The postmodernist structures that form the Groninger Museum stand in a canal opposite Groningen railway station. They consist of three main pavilions: a silver cylindrical building designed by Philippe Starck, a yellow tower by Alessandro Mendini, and a pale blue deconstructivist space by Coop Himmelb(l)au. A bridge that connects the museum to the train station is part of a cycling and walking path to the centre of the city.

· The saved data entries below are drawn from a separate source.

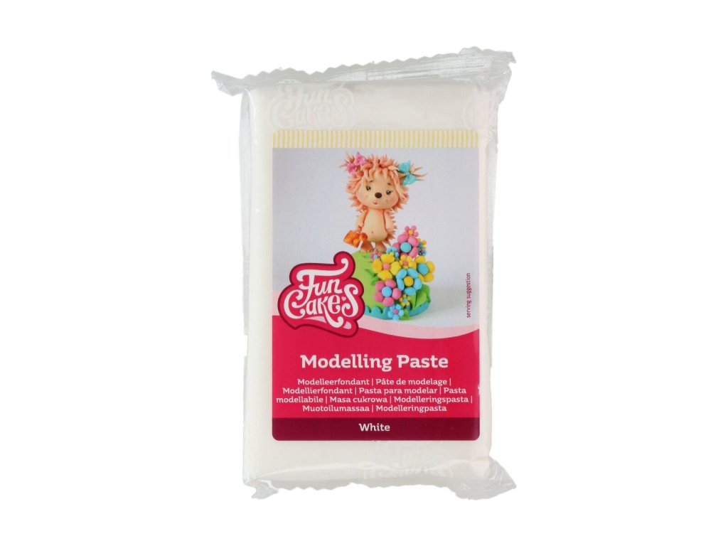 Modelovací pasta FunCakes White je speciálně vyvinutá pro modelování figurek, květin a dalších ozdob na dorty. Má hladkou, poddajnou strukturu, která se snadno zpracovává a umožňuje vytvářet jemné detaily bez prasklin.
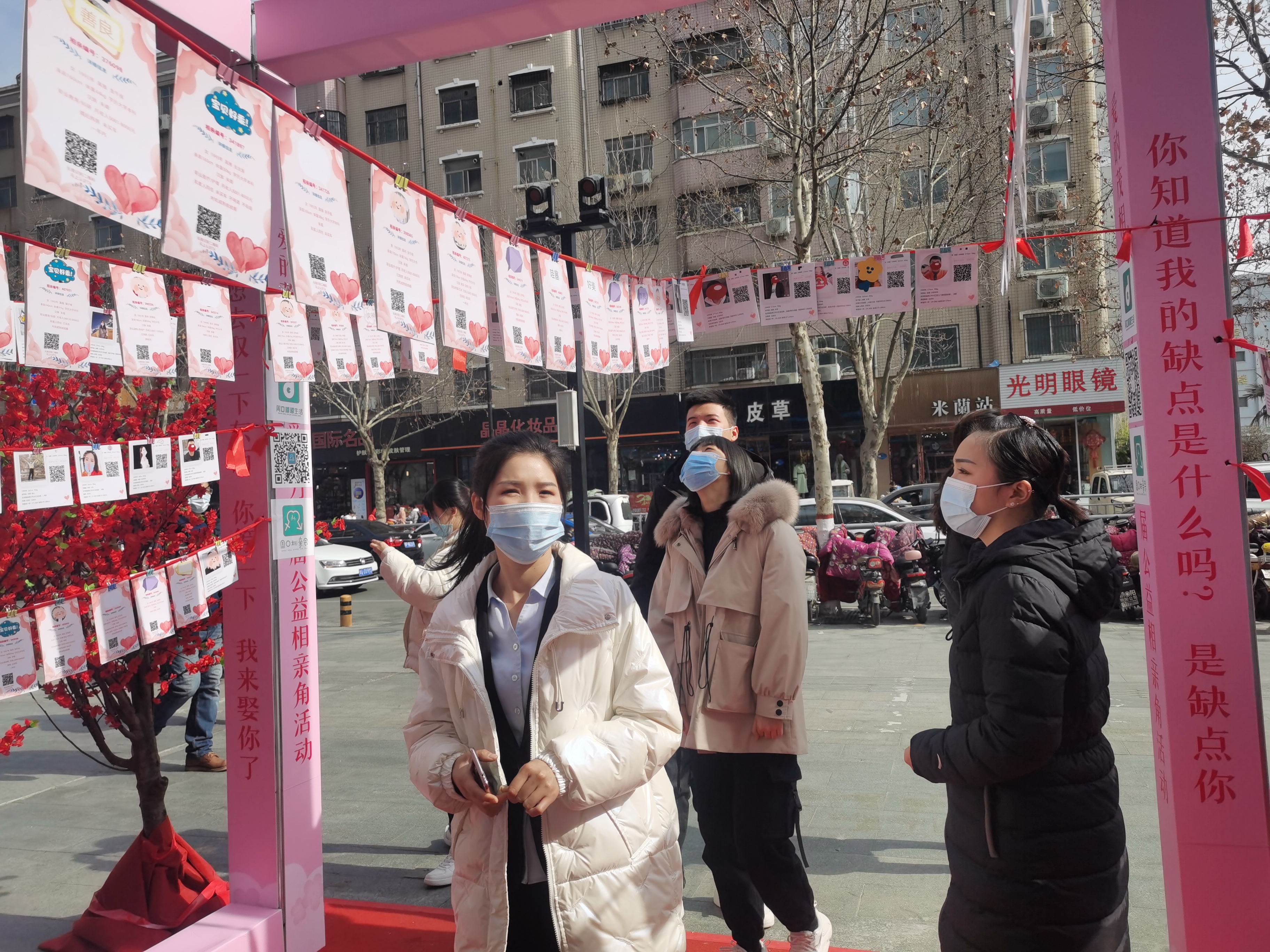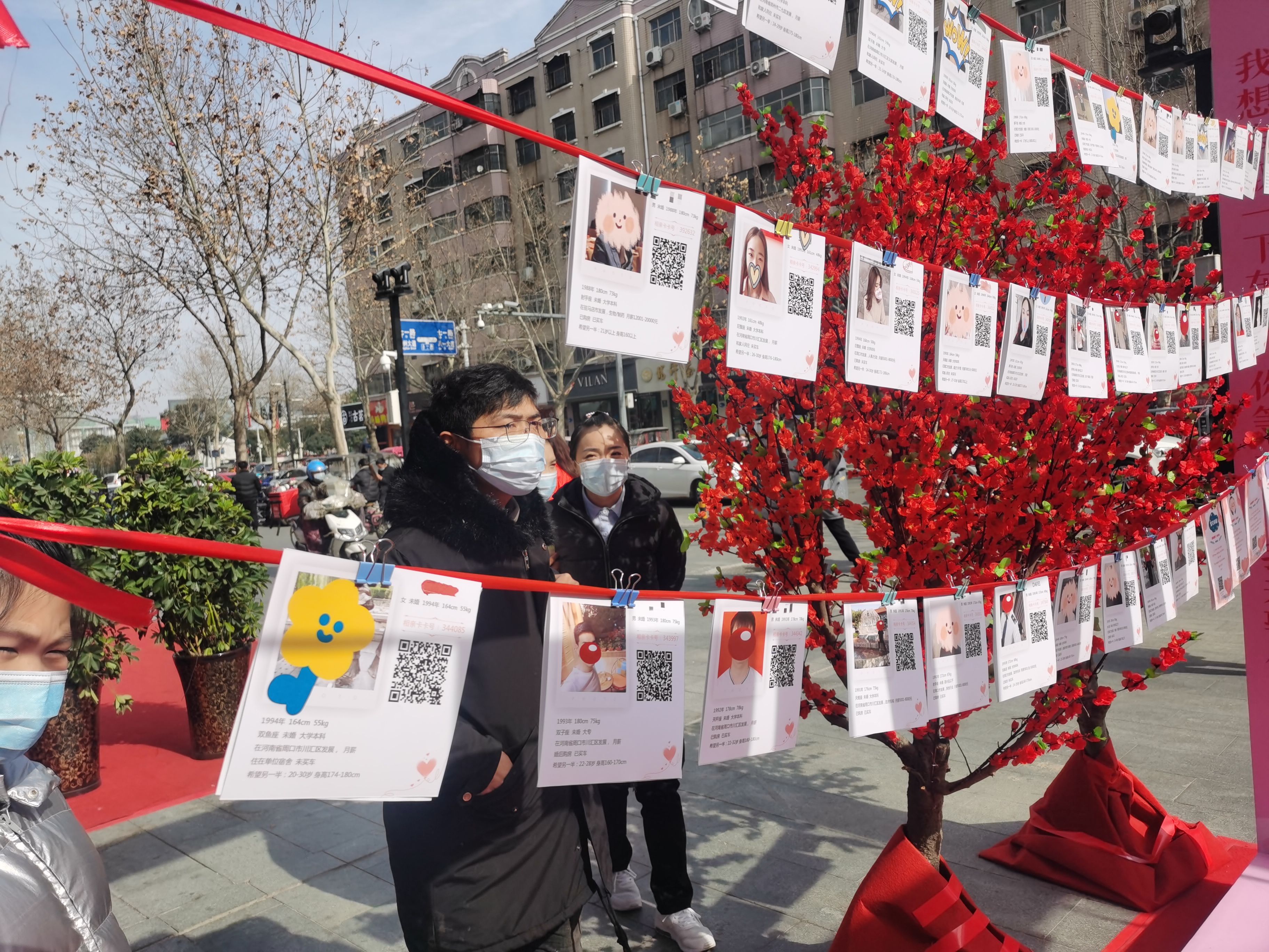 2月6日,不少市民在位于五一路與七一路交叉口的愛的茂商場門口的相親角駐足觀看,了解情況。
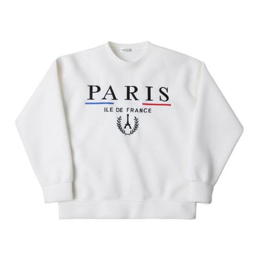 엠클로 남자 남성 오버핏 네오프렌 파리 레터링 자수 맨투맨 티셔츠
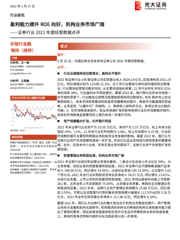 【光大证券】【20220227】证券行业2021年度经营数据点评:盈利能力提升ROE向好,机构业务市场广阔-3页 行业研究
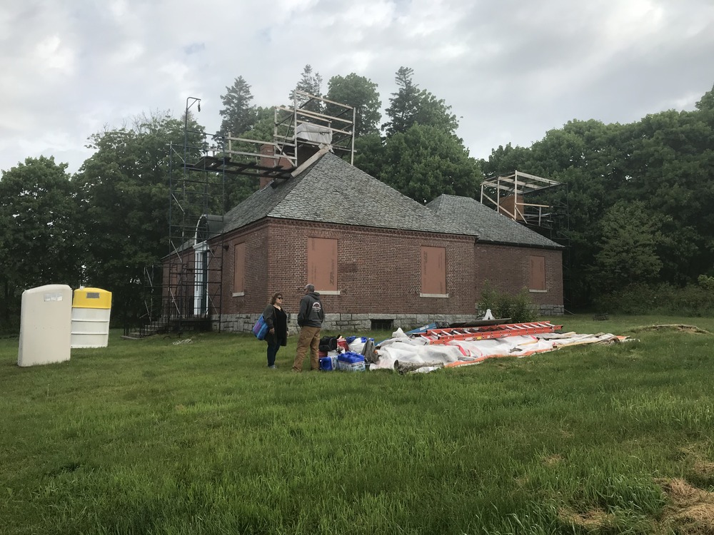 Two large structures protect the chimney and shutters are closed, portable toilets are outside the building, and building materials on the grass.
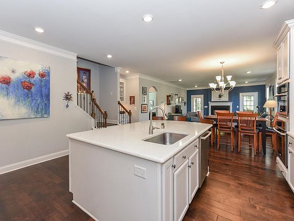 PRICE IMPROVEMENT! Low maintenance home, HOA takes care of a lot for you! Located at the end of a row of other homes giving you a greater sense of privacy than other homes in the community enjoy. Downstairs master suite w/trey ceiling, hardwoods, large WIC (carpet), & large tile shower w/seat. Tile floors in master bath. SS appliances in the kitchen - gas cooktop, subway tile backsplash, maple cabs, large kitchen island, single bowl sink, granite counters, & walk in pantry. Refrig, washer, & dryer convey. Hardwood oak stair treads lead to the upstairs BR's/bath w/built in bookcases in the hall. Need storage? Lots of unfinished storage upstairs - 2 different access points. Make sure you check it out! Fall is coming w/ooler temps, the 2-sided direct vent gas log fireplace can be used in the screened in porch or living room. Seller has enjoyed watching a variety of birds (especially bluebirds!) on the porch, which leads to back patio/fenced in yard. Downstairs laundry w/tile floor & sink is next to the 2 car garage. Long driveway for extra parking. See agent remarks for more!

The architecture's futuristic and colourful style echoes the Italian Post Modern designs of the Memphis Group. Mendini, a former member of the firm, who is noted for his furniture and industrial designs, was asked by museum director Frans Haks in 1990 to design the new museum. Haks wanted something extravagant and insisted on non-architects to create the conceptual studies. American artist Frank Stella was originally approached to design one of the pavilions. However, his plan turned-out to be too expensive because he wanted his structure completely built out of Teflon. The municipality then invited Coop Himmelb(l)au to replace him for the commission.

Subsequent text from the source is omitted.